[[ AVAILABLE RECORDS open ]]

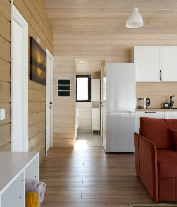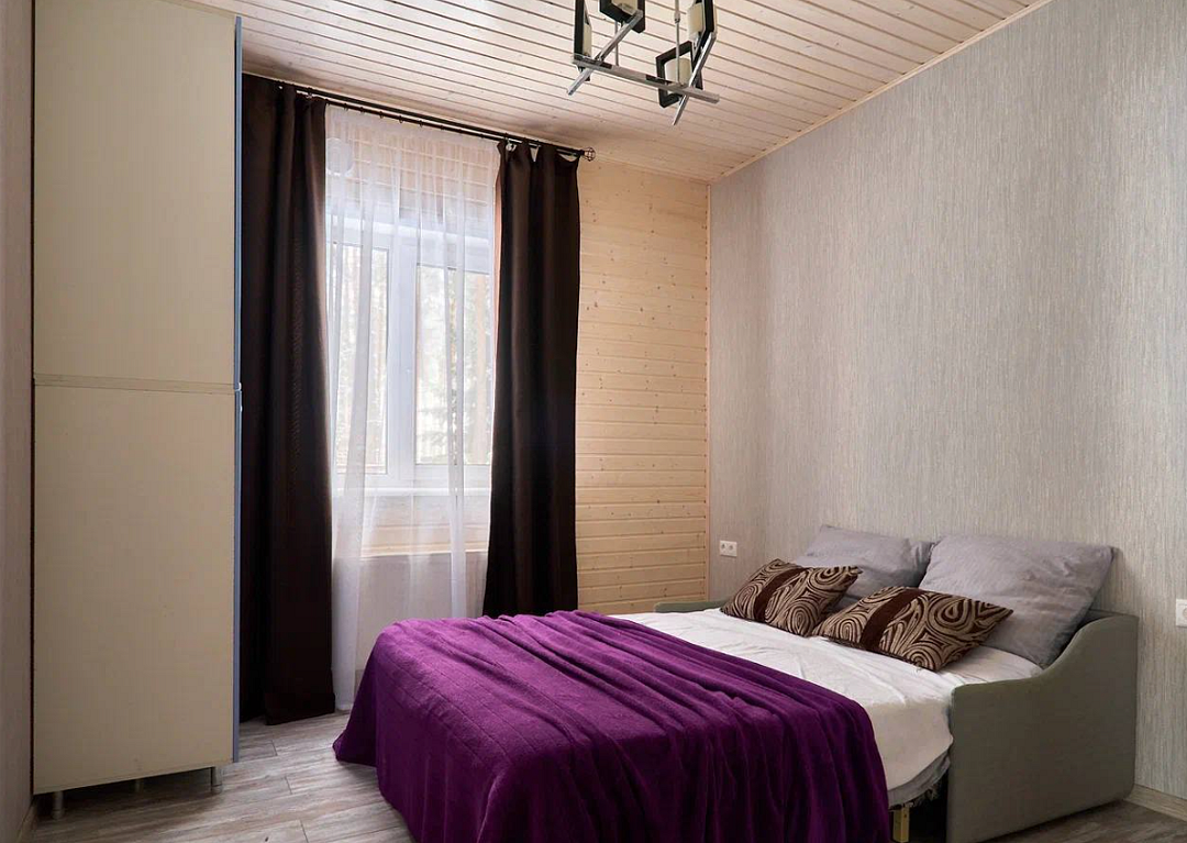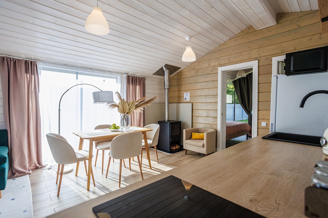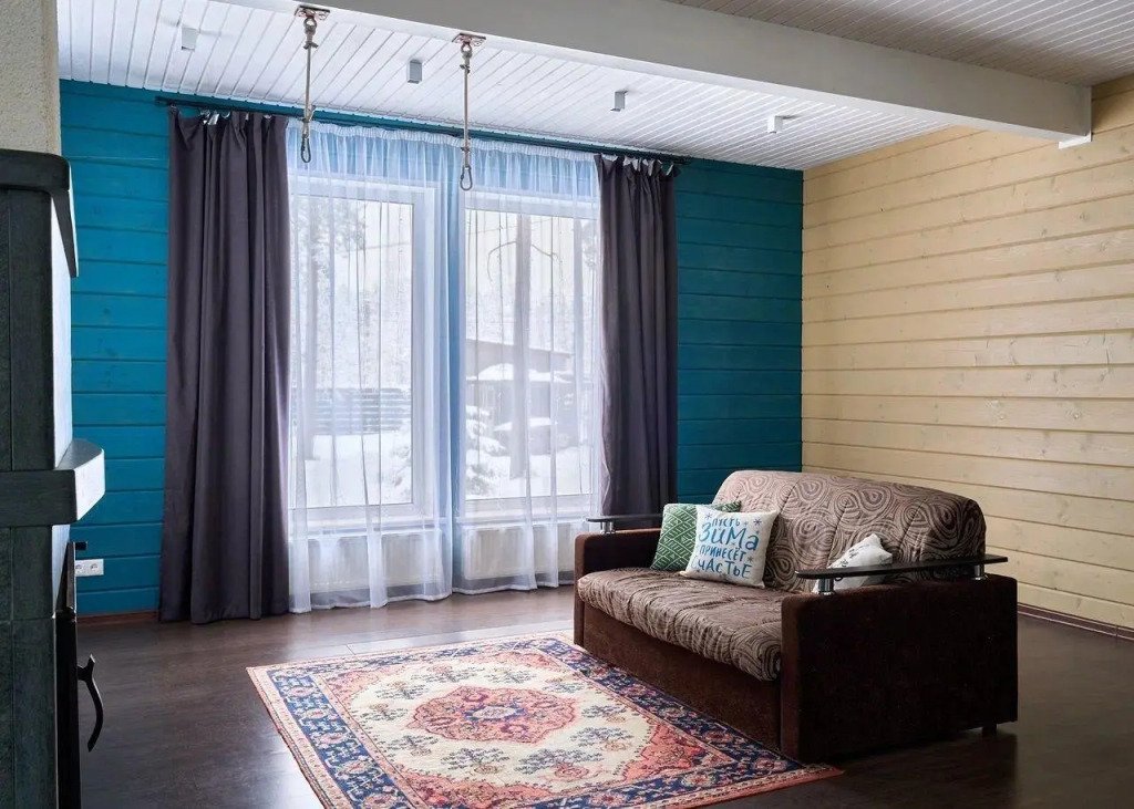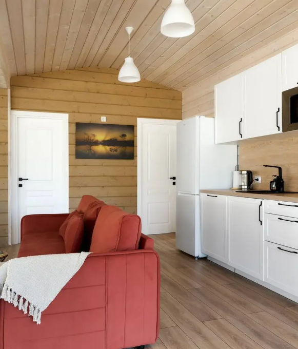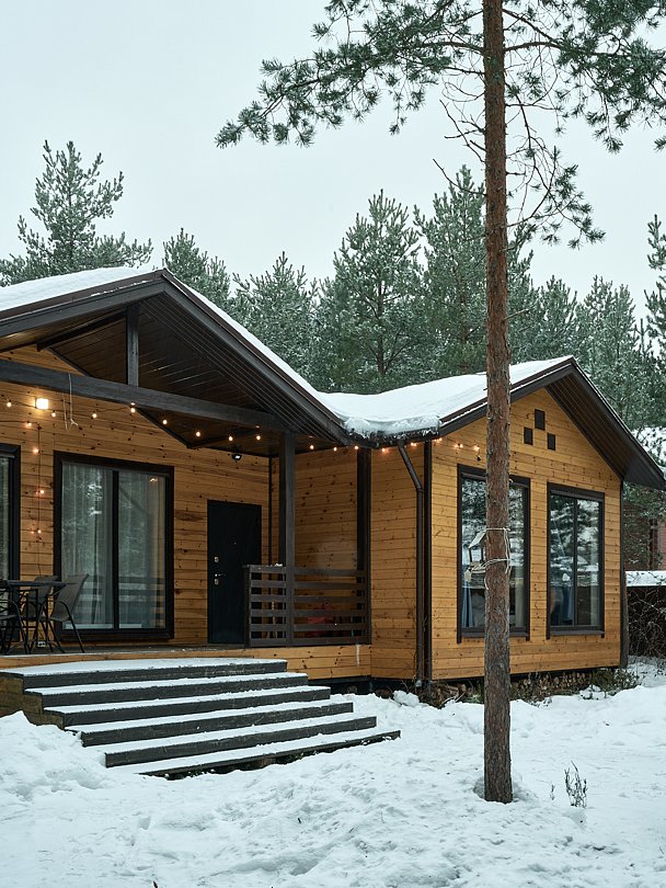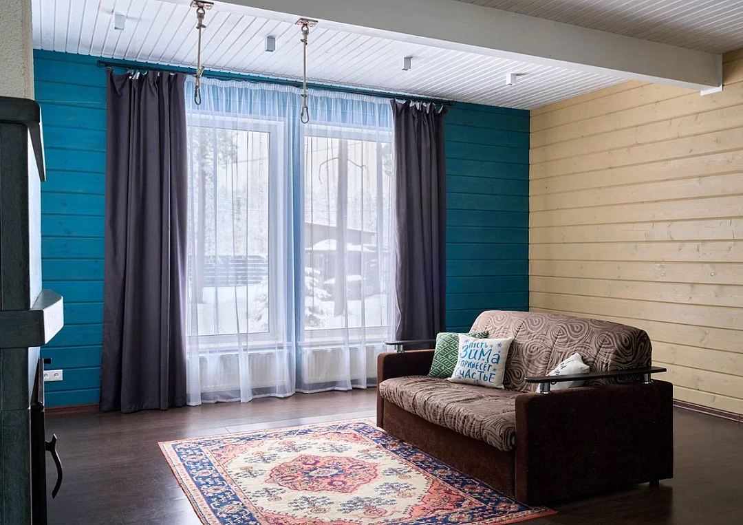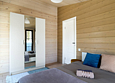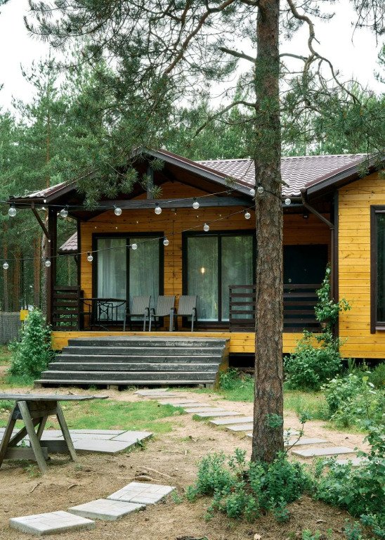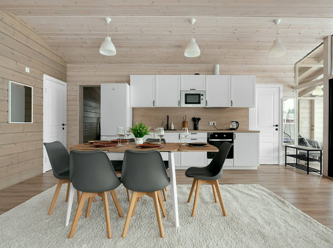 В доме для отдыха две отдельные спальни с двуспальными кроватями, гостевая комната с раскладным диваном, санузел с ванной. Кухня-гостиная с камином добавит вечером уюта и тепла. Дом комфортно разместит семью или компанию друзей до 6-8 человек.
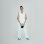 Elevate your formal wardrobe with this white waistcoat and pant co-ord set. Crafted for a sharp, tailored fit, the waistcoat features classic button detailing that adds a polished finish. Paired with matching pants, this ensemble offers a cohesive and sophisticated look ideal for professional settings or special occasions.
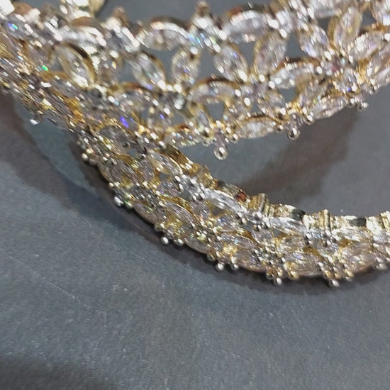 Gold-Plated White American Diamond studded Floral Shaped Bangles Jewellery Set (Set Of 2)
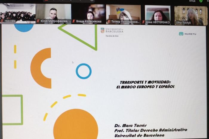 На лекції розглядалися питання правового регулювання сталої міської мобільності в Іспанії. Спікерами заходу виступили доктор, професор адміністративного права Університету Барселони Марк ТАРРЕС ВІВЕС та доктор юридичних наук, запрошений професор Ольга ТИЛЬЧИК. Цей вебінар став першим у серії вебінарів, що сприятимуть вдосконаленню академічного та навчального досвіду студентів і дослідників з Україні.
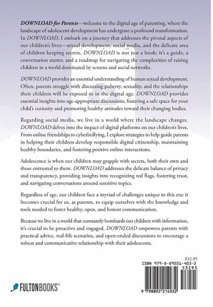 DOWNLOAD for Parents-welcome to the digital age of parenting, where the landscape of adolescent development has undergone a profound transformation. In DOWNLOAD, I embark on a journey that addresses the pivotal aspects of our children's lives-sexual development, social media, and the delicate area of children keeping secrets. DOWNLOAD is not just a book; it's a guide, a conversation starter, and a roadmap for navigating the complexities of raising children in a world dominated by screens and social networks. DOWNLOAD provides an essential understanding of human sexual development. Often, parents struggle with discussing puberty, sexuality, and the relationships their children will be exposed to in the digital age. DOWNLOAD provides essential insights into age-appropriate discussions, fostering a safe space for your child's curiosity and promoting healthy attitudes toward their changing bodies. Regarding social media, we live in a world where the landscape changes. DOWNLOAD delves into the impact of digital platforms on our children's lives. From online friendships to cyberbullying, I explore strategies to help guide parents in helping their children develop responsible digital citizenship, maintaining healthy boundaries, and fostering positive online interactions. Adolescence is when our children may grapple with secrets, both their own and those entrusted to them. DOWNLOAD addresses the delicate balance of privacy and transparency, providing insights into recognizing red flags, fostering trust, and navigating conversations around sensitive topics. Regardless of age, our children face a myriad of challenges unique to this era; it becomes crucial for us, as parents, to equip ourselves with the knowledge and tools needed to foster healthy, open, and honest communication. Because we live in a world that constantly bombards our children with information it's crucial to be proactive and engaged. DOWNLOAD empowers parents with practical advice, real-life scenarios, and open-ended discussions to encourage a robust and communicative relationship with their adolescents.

[[ AVAILABLE RECORDS closed ]]

**THE TASK:**
Once the line with "Elevate your formal" is found above, print it and every line after it through the line with "На лекції розглядалися", exactly. Pictures stay out.

**ANSWER TO THIS PROBLEM:**
 Elevate your formal wardrobe with this white waistcoat and pant co-ord set. Crafted for a sharp, tailored fit, the waistcoat features classic button detailing that adds a polished finish. Paired with matching pants, this ensemble offers a cohesive and sophisticated look ideal for professional settings or special occasions.
 Gold-Plated White American Diamond studded Floral Shaped Bangles Jewellery Set (Set Of 2)
 На лекції розглядалися питання правового регулювання сталої міської мобільності в Іспанії. Спікерами заходу виступили доктор, професор адміністративного права Університету Барселони Марк ТАРРЕС ВІВЕС та доктор юридичних наук, запрошений професор Ольга ТИЛЬЧИК. Цей вебінар став першим у серії вебінарів, що сприятимуть вдосконаленню академічного та навчального досвіду студентів і дослідників з Україні.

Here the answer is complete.